* [Exercise]: Word-for-word transcription: reproduce all of the data, but not the pictures.

* [Provided material]:
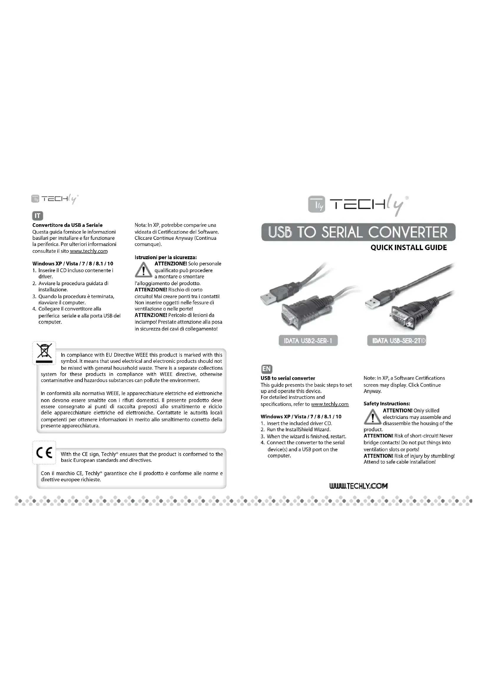 dispositif série et un port USB de votre ordinateur. Remarque: Sur XP, un écran de certification du logiciel pourrait s’afficher. Cliquez sur Continue Anyway/ Continuer néanmoins. Consignes de sécurité: ATTENTION! Seuls des électriciens qualiés peuvent monter et démonter le boîtier du produit. ATTENTION! Risque de court-circuit! contacts Jamais pont! Ne pas mettre les choses dans les fentes de ventilation ou de ports! ATTENTION! Risque de blessures en trébuchant! Assister à l’installation de câbles en toute sécurité! Convertidor de USB a Puerto Serie Esta guia presenta los pasos básicos para su conguración y operatión de este dispositivo. Para obtener más información, visite www.techly.com Windows XP / Vista / 7 / 8 / 8.1 / 10
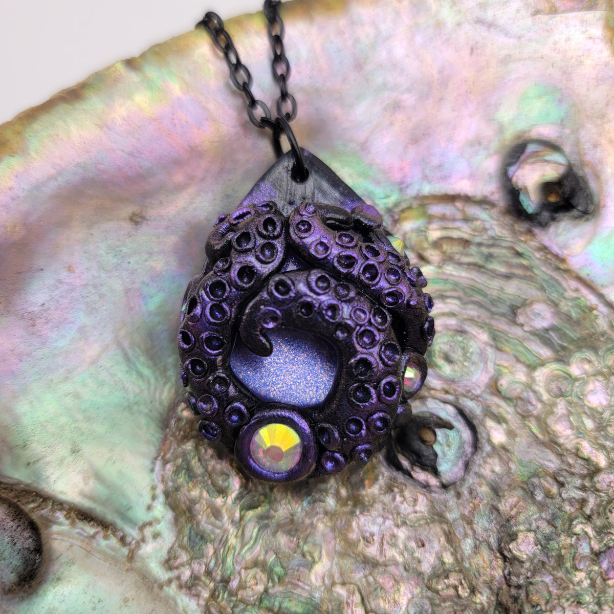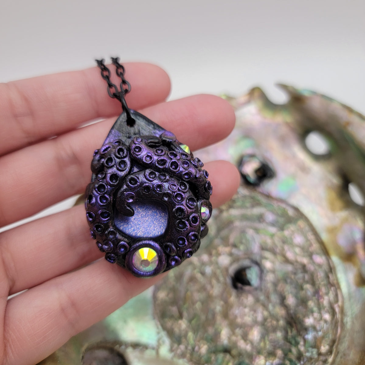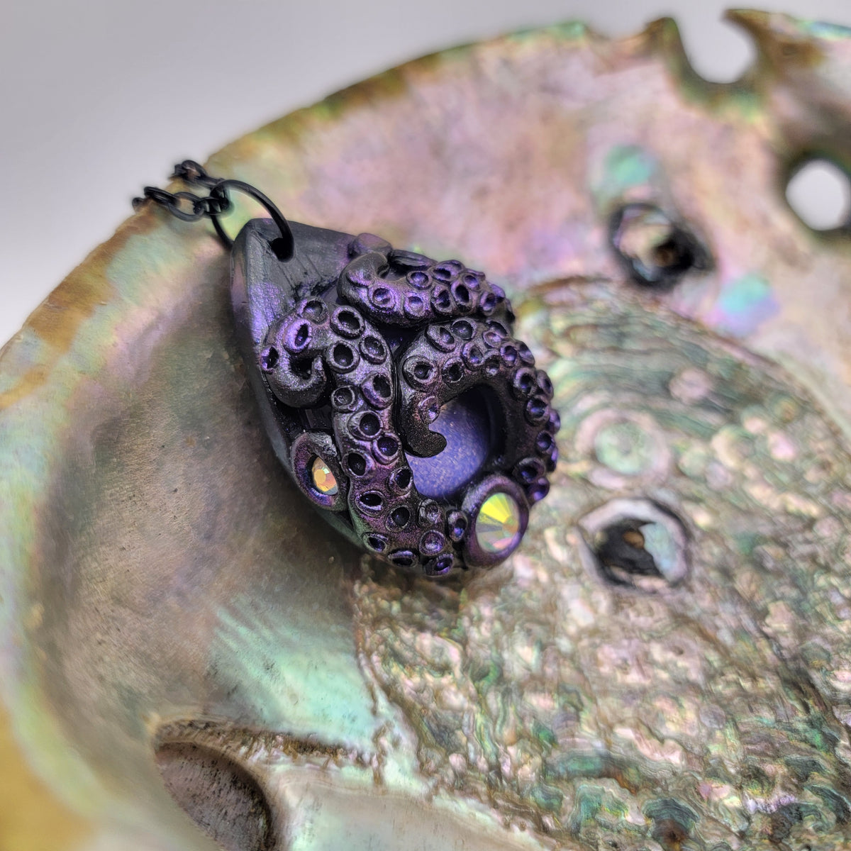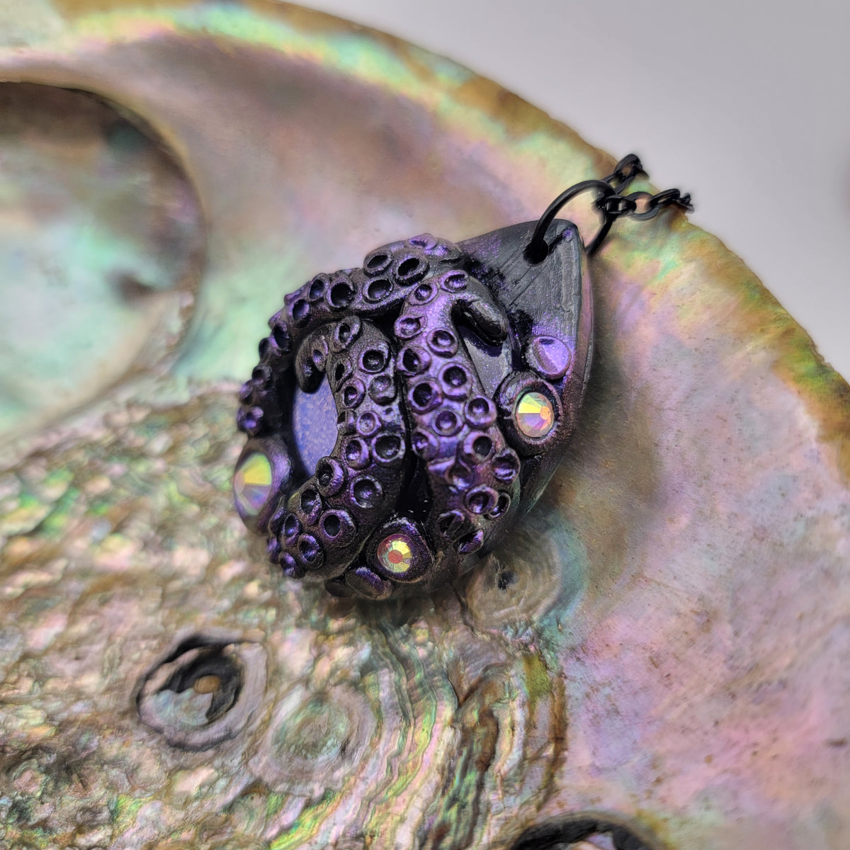 A one of a kind handmade pendant! Black polymer clay pendant with tentacles surrounding a shimmery purple painted glass cabochon. Accented with aurora borealis rhinestones that give an iridescent sparkle, and brushed with purple chameleon powder to accentuate the tentacles. This pendant is sealed with gloss glaze for extra shine.
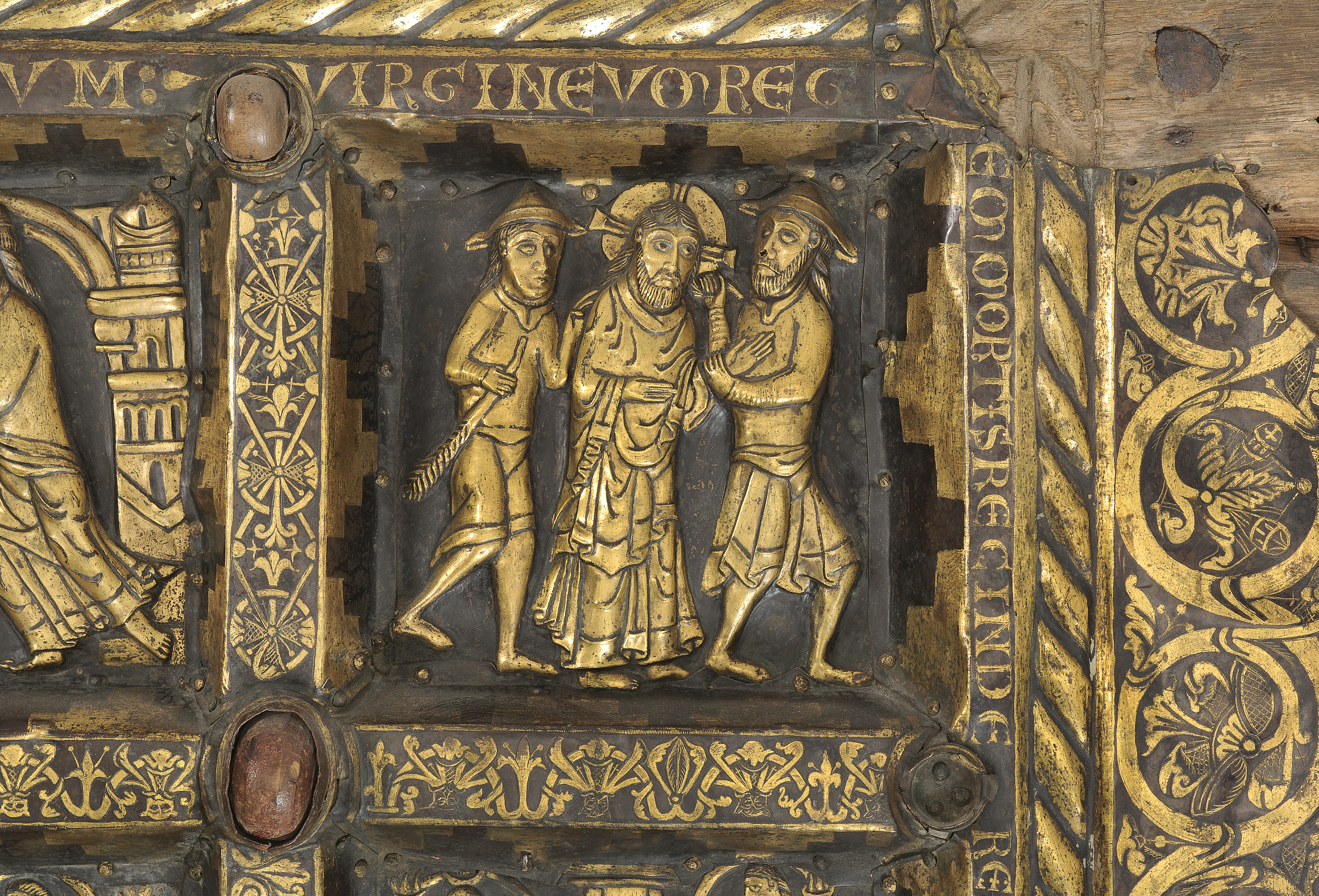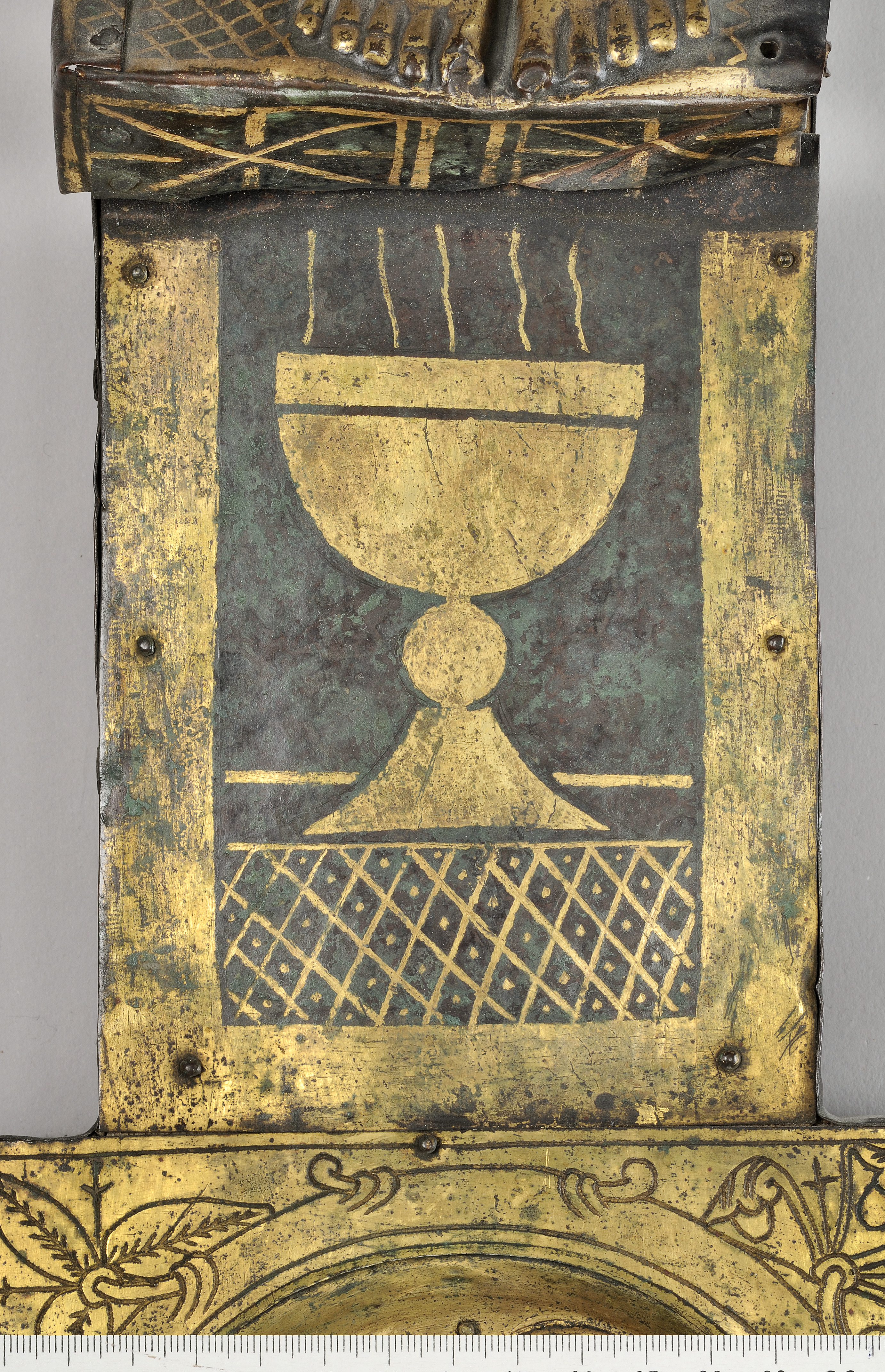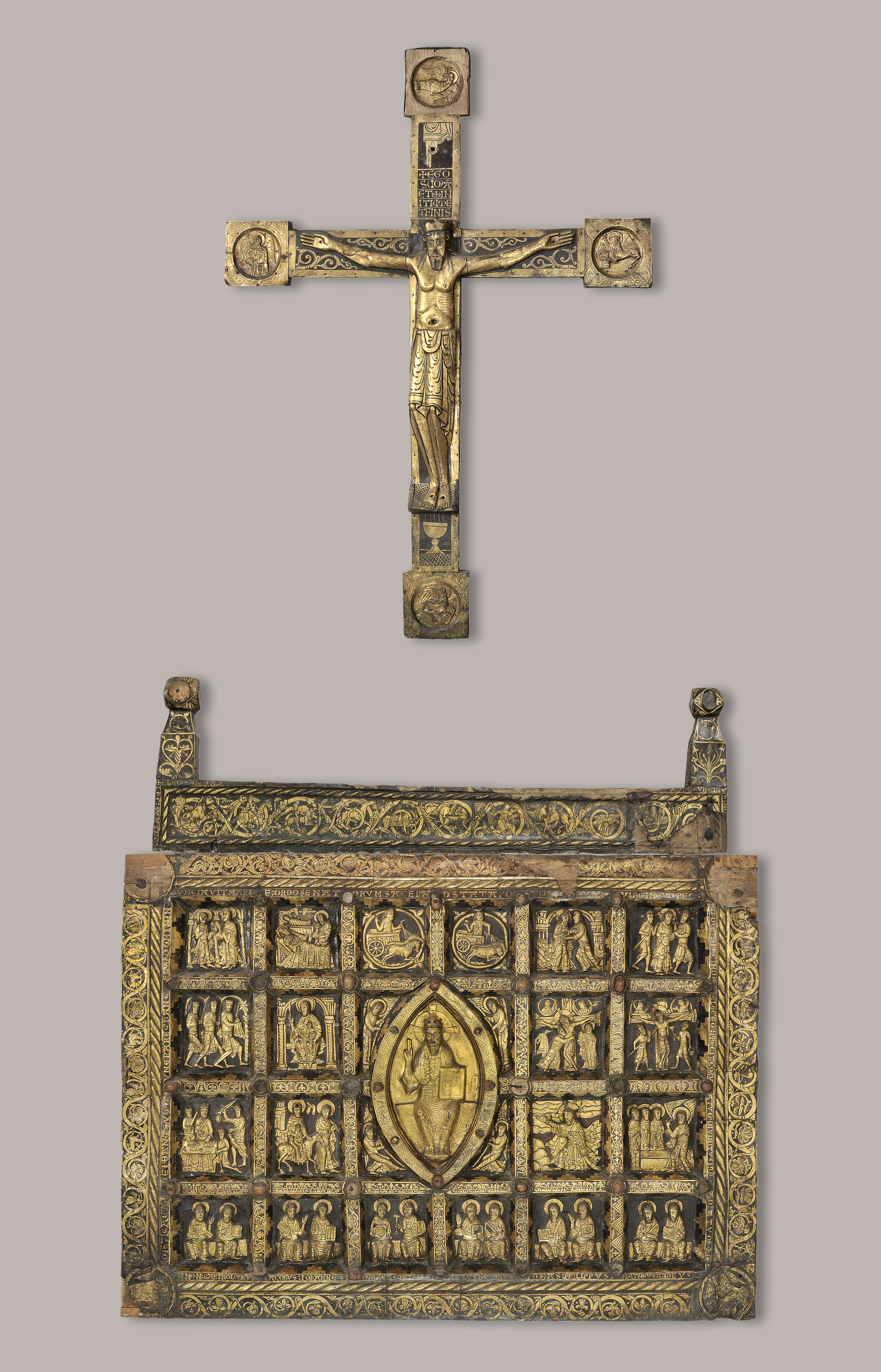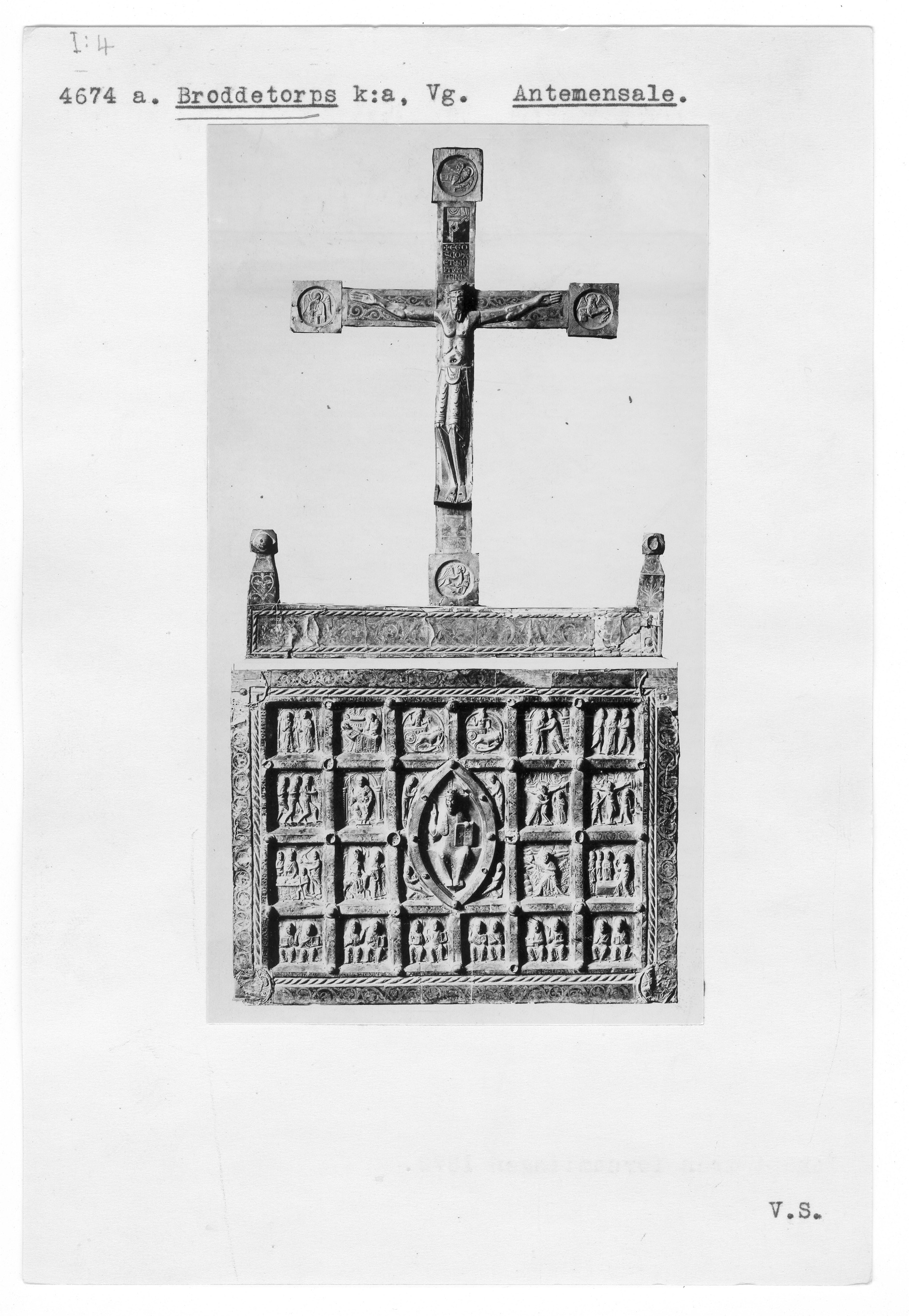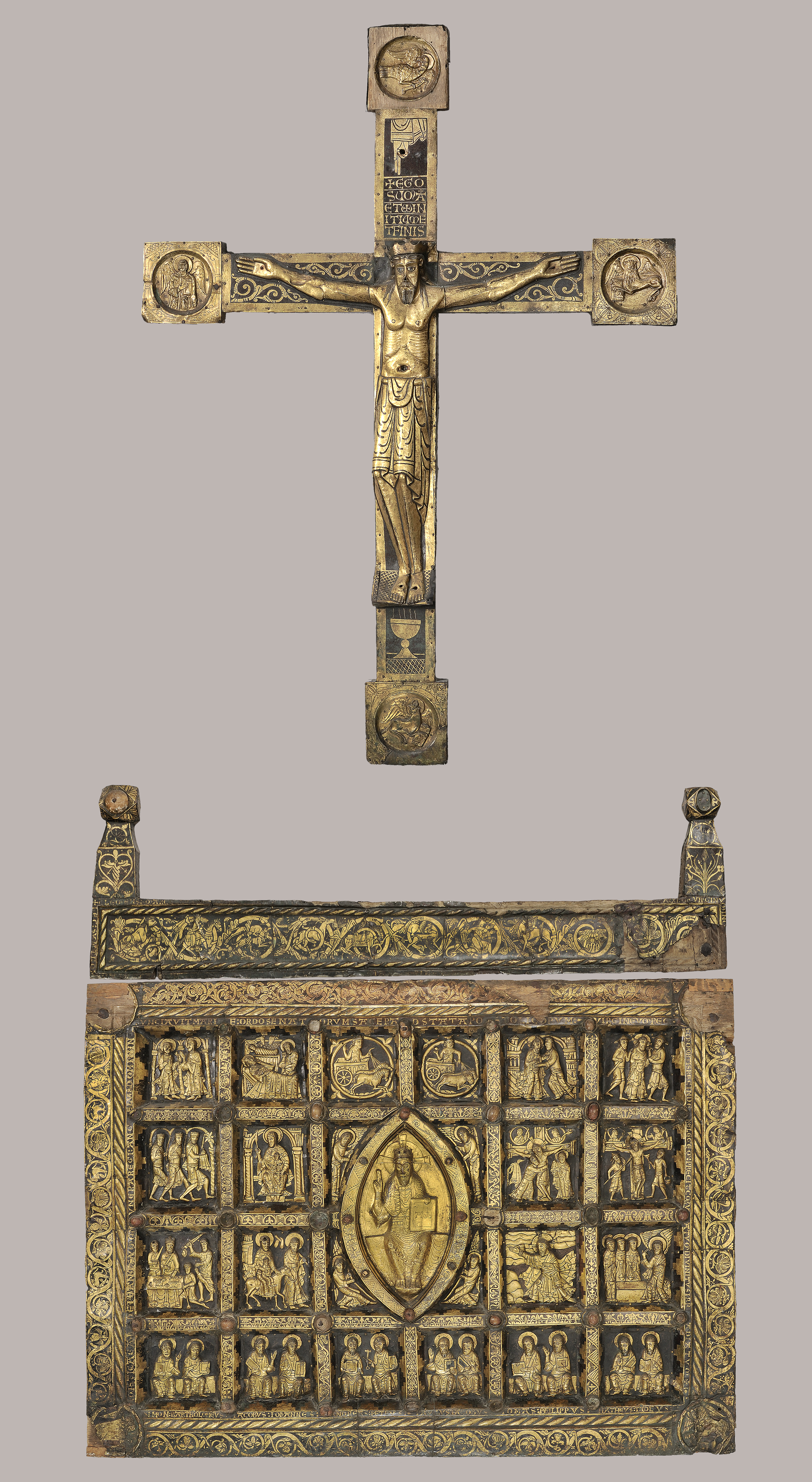 Antemensale av driven, förgylld koppar på träkärna samt tillhörande krucifix och superfrontale i samma teknik.

* [Result of the task]:
 dispositif série et un port USB de votre ordinateur. Remarque: Sur XP, un écran de certification du logiciel pourrait s’afficher. Cliquez sur Continue Anyway/ Continuer néanmoins. Consignes de sécurité: ATTENTION! Seuls des électriciens qualiés peuvent monter et démonter le boîtier du produit. ATTENTION! Risque de court-circuit! contacts Jamais pont! Ne pas mettre les choses dans les fentes de ventilation ou de ports! ATTENTION! Risque de blessures en trébuchant! Assister à l’installation de câbles en toute sécurité! Convertidor de USB a Puerto Serie Esta guia presenta los pasos básicos para su conguración y operatión de este dispositivo. Para obtener más información, visite www.techly.com Windows XP / Vista / 7 / 8 / 8.1 / 10
 A one of a kind handmade pendant! Black polymer clay pendant with tentacles surrounding a shimmery purple painted glass cabochon. Accented with aurora borealis rhinestones that give an iridescent sparkle, and brushed with purple chameleon powder to accentuate the tentacles. This pendant is sealed with gloss glaze for extra shine.
 Antemensale av driven, förgylld koppar på träkärna samt tillhörande krucifix och superfrontale i samma teknik.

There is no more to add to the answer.